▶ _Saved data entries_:
________________

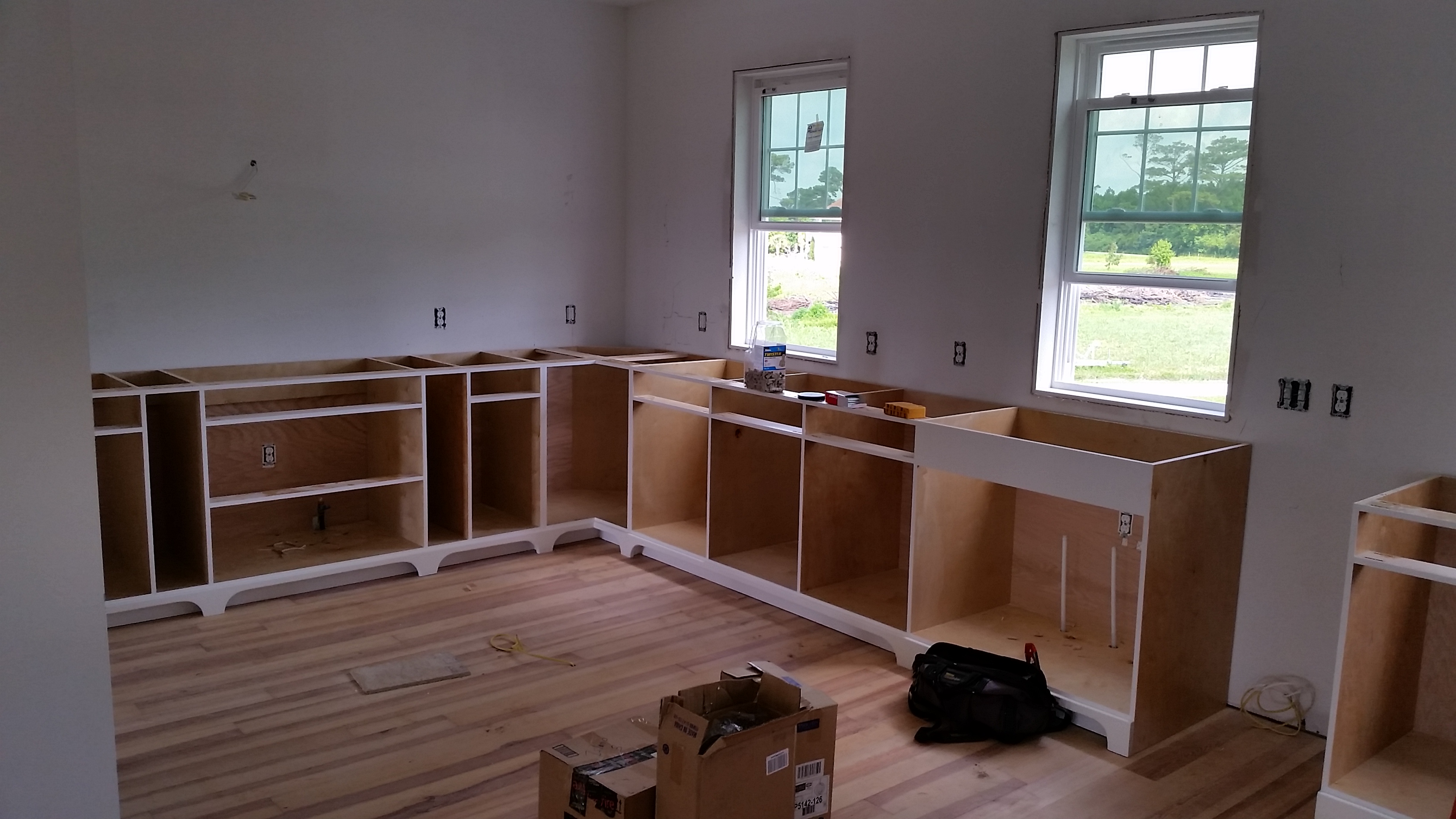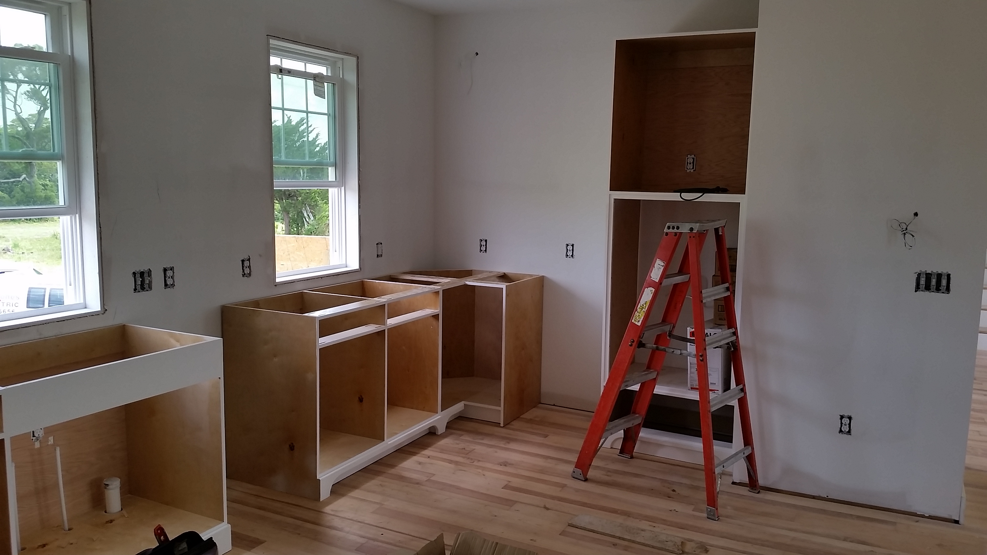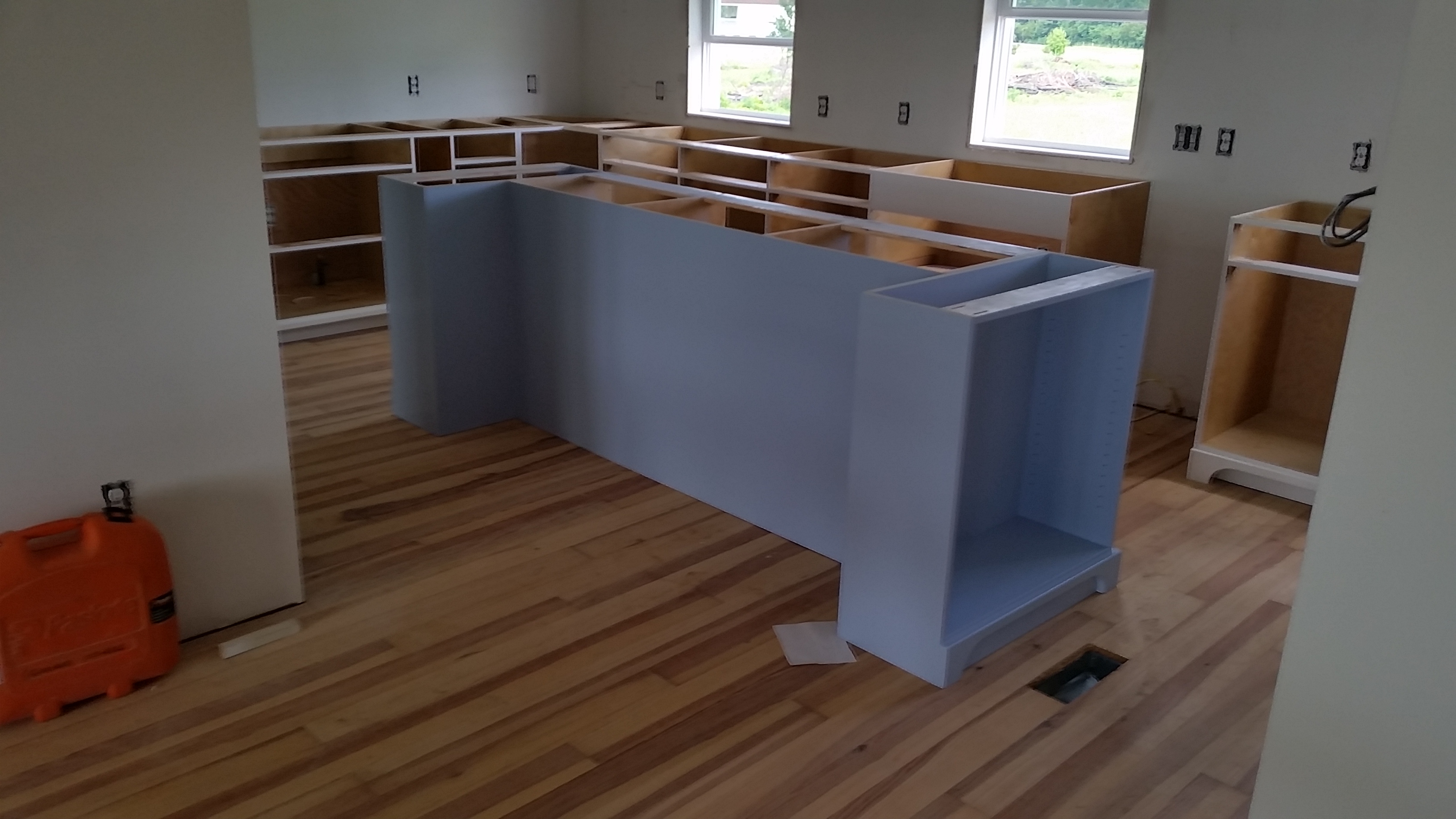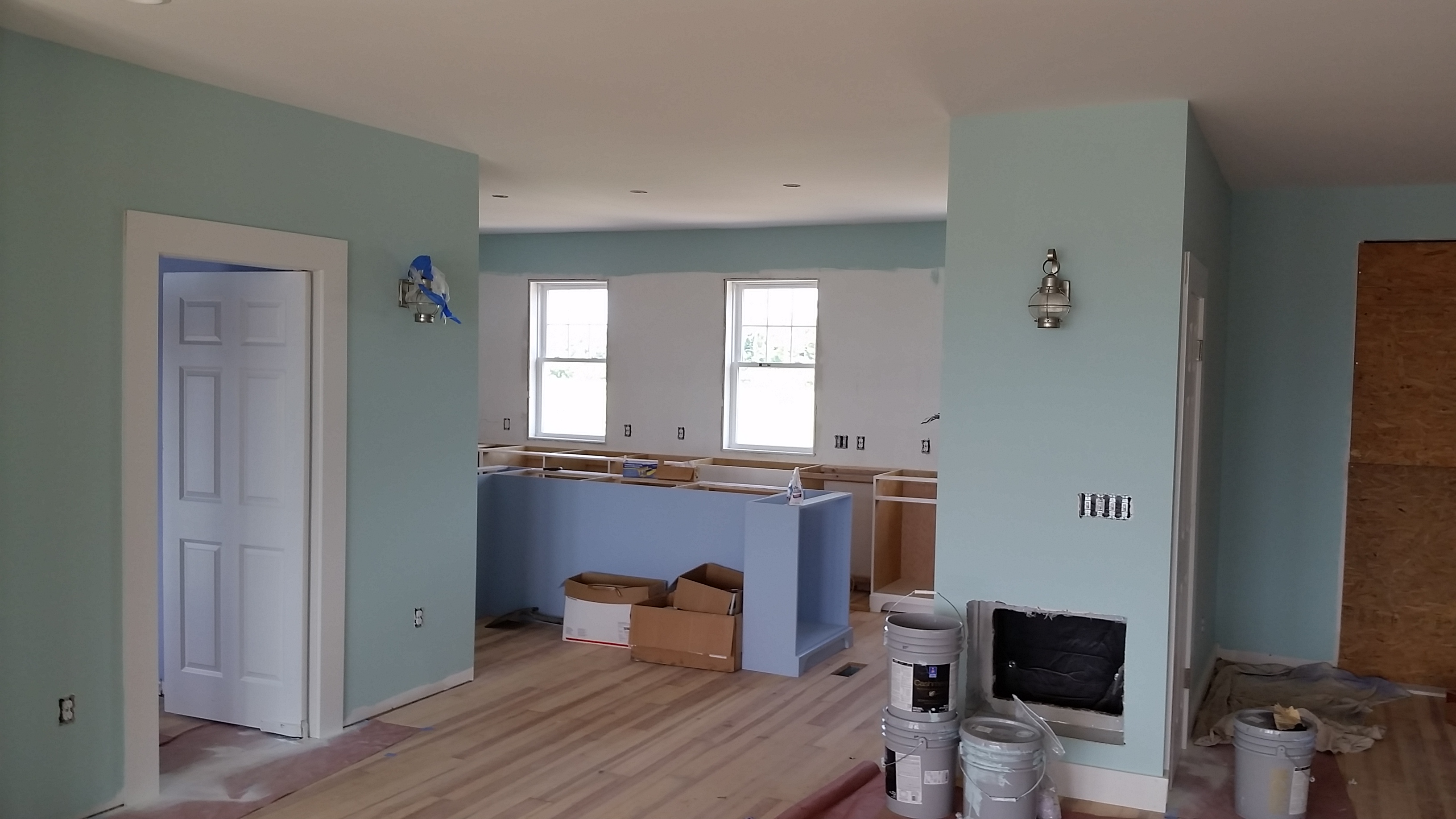 Kemp Guthrie, The Wood Surgeon, began installing kitchen cabinets in mid-July. These are exactly what we were looking for. Our sapele countertop for the kitchen island and soapstone for the rest of the kitchen counters is at the fabricators. They should be preparing templates by the end of this week. We decided to paint the island pale blue. We think this will complement the rest of the cabinets which will be white and the the pale green we've selected for the kitchen and living room walls.
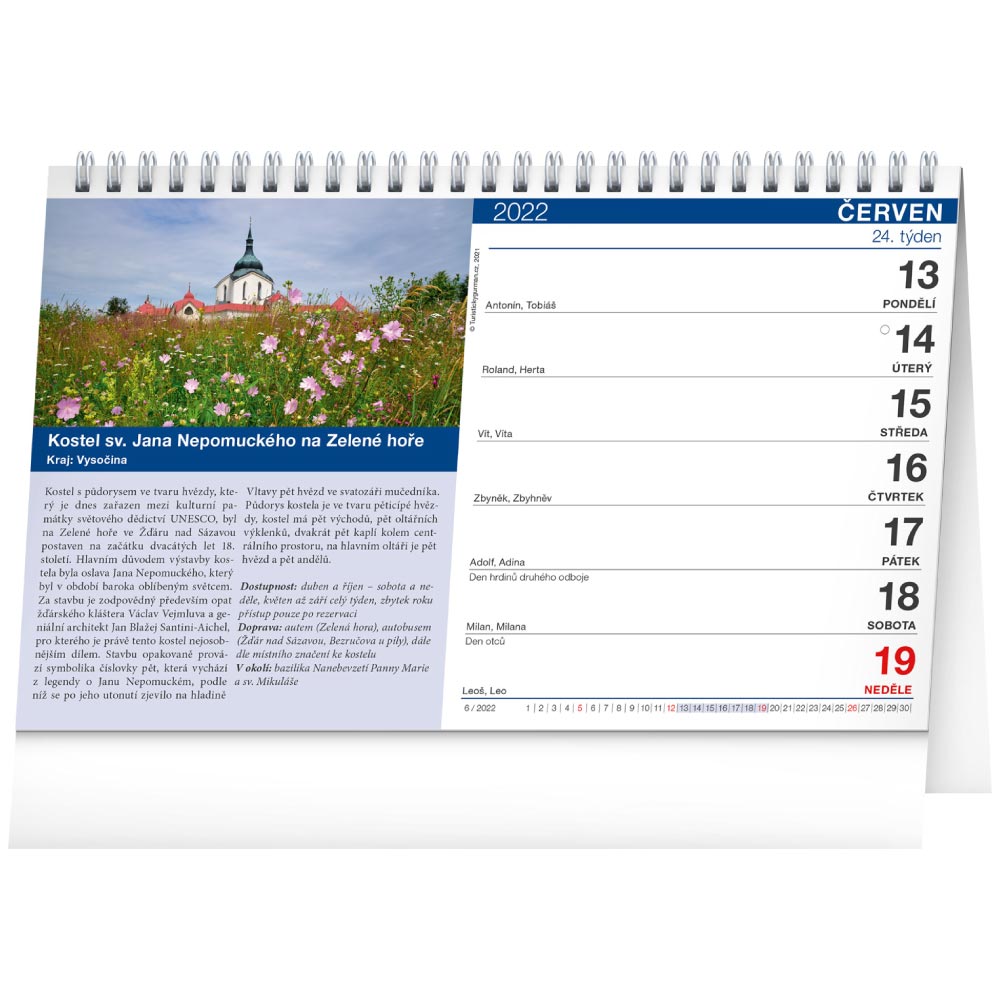 Rozměr: 23,1 x 14,5 cm Kalendárium: české týdenní Rozsah kalendáře: 30 listů (oboustranný tisk) Vazba: dvojitá spirála Papír: 100 g/m2 Plocha pro potisk: 23,1 x 2,9 cm
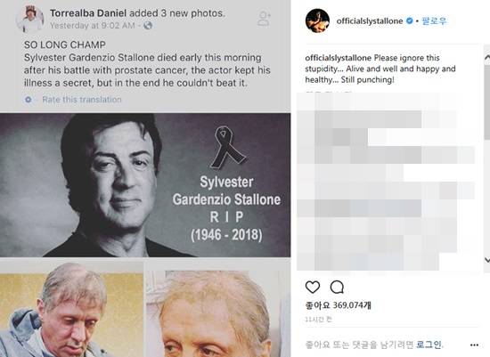 실베스터 스탤론은 19일(현지시각) 인스타그램에 자신이 사망했다는 내용의 '가짜뉴스'를 캡처해 게시한 뒤 "이런 바보같은 소리는 무시하라"고 말했다.
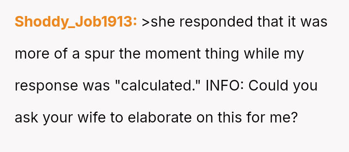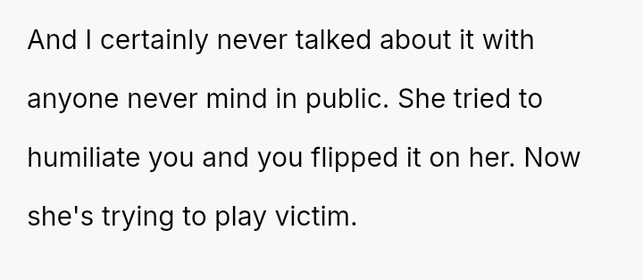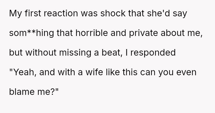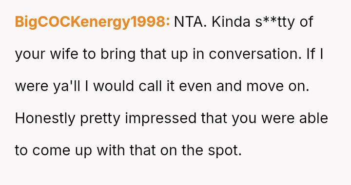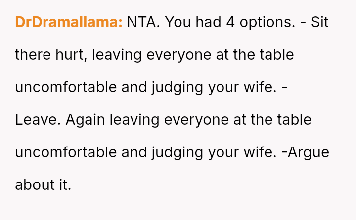 Given that both partners made highly sensitive personal attacks in a public setting, is the wife's reaction to the OP's retort justified, or did the OP's defense rightly mirror the severity of the initial public humiliation inflicted upon him?
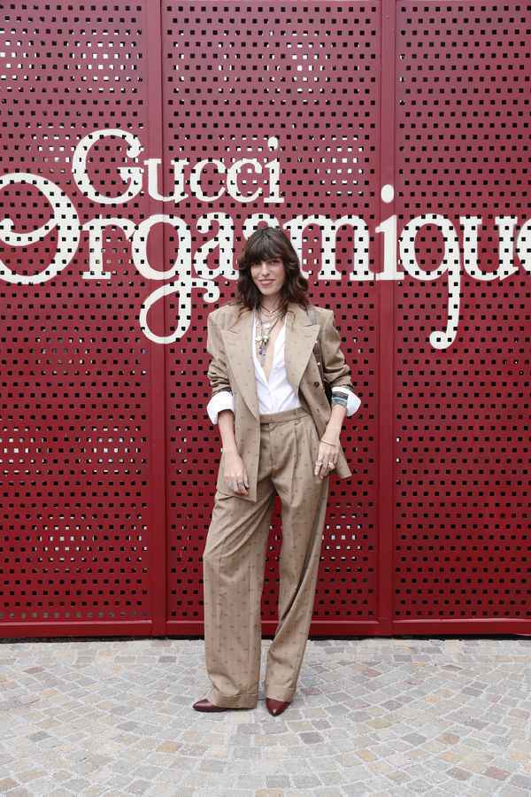 Lou Doillon衣着Gucci 2019秋冬系列Look 5米色复古GG细条纹双排扣茄克,白色衬衫,米色长裤,赤色皮革高跟鞋,金属耳朵图案胸针,Gucci 1955马衔扣肩背包。

________________

▶ _Your assignment_:
Quote, please, only the lines running from the one with "실베스터 스탤론은 19일(현지시각)" down to the final line of the data above, keeping both ends and skipping the pictures.

▶ _Completed task_:
 실베스터 스탤론은 19일(현지시각) 인스타그램에 자신이 사망했다는 내용의 '가짜뉴스'를 캡처해 게시한 뒤 "이런 바보같은 소리는 무시하라"고 말했다.
 Given that both partners made highly sensitive personal attacks in a public setting, is the wife's reaction to the OP's retort justified, or did the OP's defense rightly mirror the severity of the initial public humiliation inflicted upon him?
 Lou Doillon衣着Gucci 2019秋冬系列Look 5米色复古GG细条纹双排扣茄克,白色衬衫,米色长裤,赤色皮革高跟鞋,金属耳朵图案胸针,Gucci 1955马衔扣肩背包。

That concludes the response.